-- Supplied material follows --

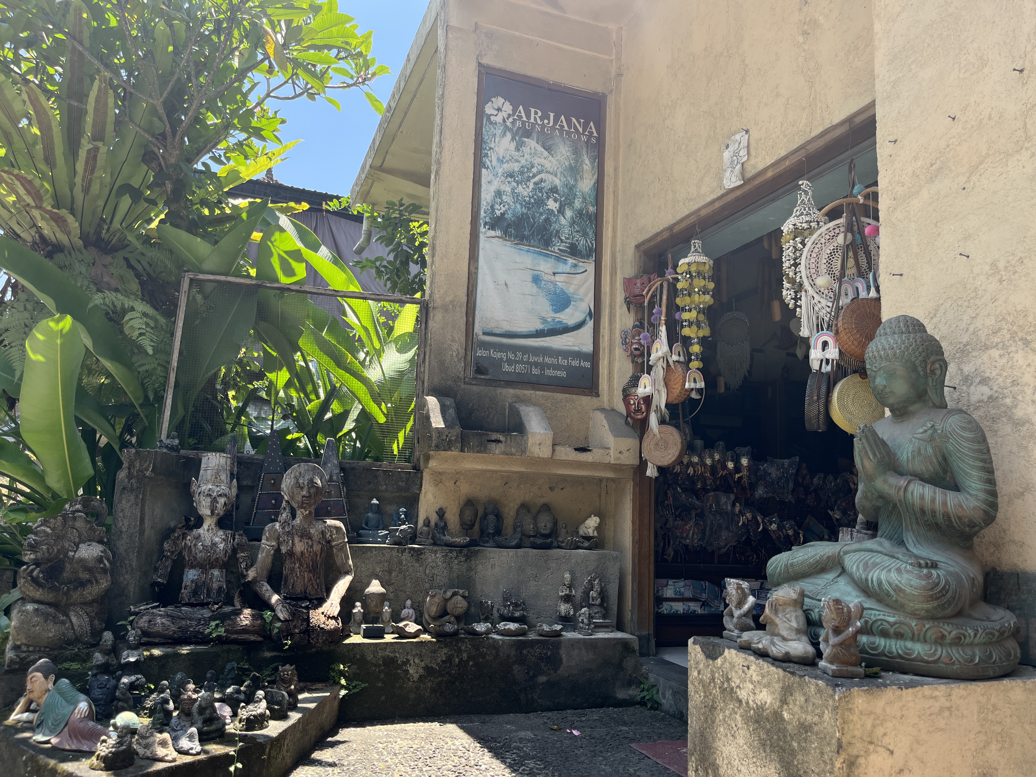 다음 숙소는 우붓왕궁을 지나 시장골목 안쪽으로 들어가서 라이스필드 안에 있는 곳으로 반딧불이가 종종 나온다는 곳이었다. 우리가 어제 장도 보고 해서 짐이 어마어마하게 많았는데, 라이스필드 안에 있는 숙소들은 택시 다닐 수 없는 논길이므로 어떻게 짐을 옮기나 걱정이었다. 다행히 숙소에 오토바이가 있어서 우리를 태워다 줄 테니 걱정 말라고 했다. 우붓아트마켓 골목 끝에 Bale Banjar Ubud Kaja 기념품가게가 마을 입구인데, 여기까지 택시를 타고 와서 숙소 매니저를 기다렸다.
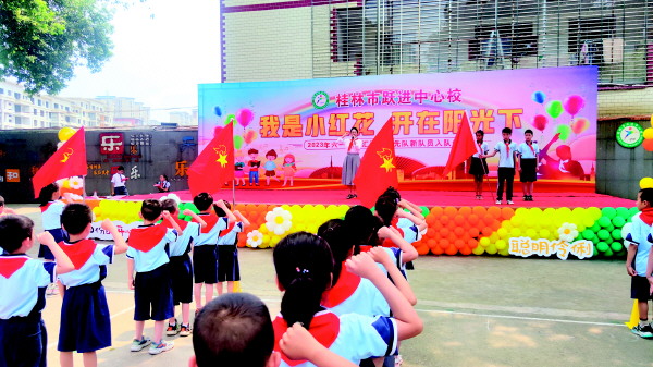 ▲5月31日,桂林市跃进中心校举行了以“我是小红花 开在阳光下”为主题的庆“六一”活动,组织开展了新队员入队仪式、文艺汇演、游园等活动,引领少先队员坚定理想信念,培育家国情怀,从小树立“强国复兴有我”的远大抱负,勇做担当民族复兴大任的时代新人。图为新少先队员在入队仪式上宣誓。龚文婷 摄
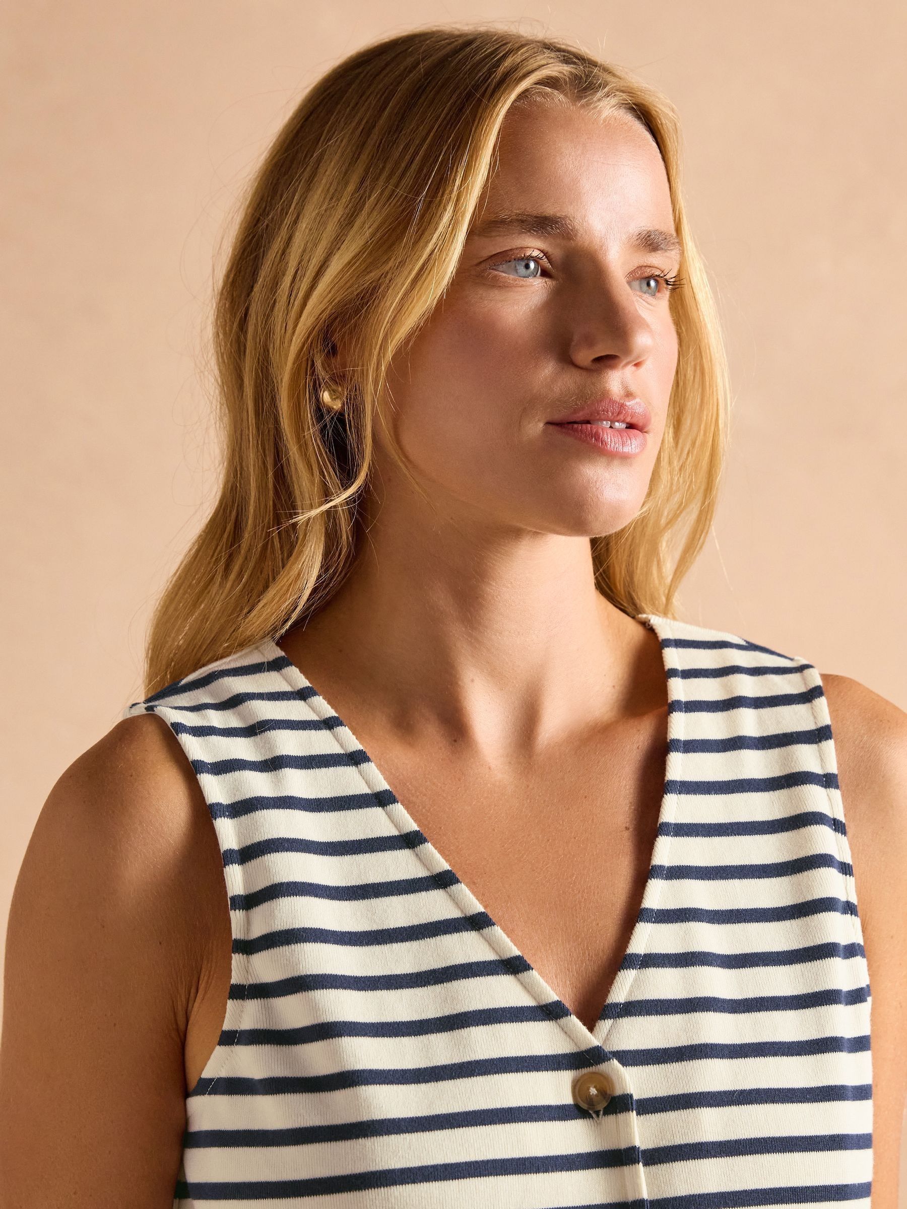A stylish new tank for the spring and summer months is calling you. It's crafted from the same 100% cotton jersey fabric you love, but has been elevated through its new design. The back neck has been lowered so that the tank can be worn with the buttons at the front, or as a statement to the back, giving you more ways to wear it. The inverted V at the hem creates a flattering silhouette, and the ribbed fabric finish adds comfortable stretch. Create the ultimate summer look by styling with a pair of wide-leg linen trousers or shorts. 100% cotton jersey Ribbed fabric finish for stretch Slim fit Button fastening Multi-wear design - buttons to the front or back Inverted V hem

-- Supplied material concluded --

### Work request
The task calls for repeating each line above exactly while excluding the pictures.

### Response to the exercise
 다음 숙소는 우붓왕궁을 지나 시장골목 안쪽으로 들어가서 라이스필드 안에 있는 곳으로 반딧불이가 종종 나온다는 곳이었다. 우리가 어제 장도 보고 해서 짐이 어마어마하게 많았는데, 라이스필드 안에 있는 숙소들은 택시 다닐 수 없는 논길이므로 어떻게 짐을 옮기나 걱정이었다. 다행히 숙소에 오토바이가 있어서 우리를 태워다 줄 테니 걱정 말라고 했다. 우붓아트마켓 골목 끝에 Bale Banjar Ubud Kaja 기념품가게가 마을 입구인데, 여기까지 택시를 타고 와서 숙소 매니저를 기다렸다.
 ▲5月31日,桂林市跃进中心校举行了以“我是小红花 开在阳光下”为主题的庆“六一”活动,组织开展了新队员入队仪式、文艺汇演、游园等活动,引领少先队员坚定理想信念,培育家国情怀,从小树立“强国复兴有我”的远大抱负,勇做担当民族复兴大任的时代新人。图为新少先队员在入队仪式上宣誓。龚文婷 摄
A stylish new tank for the spring and summer months is calling you. It's crafted from the same 100% cotton jersey fabric you love, but has been elevated through its new design. The back neck has been lowered so that the tank can be worn with the buttons at the front, or as a statement to the back, giving you more ways to wear it. The inverted V at the hem creates a flattering silhouette, and the ribbed fabric finish adds comfortable stretch. Create the ultimate summer look by styling with a pair of wide-leg linen trousers or shorts. 100% cotton jersey Ribbed fabric finish for stretch Slim fit Button fastening Multi-wear design - buttons to the front or back Inverted V hem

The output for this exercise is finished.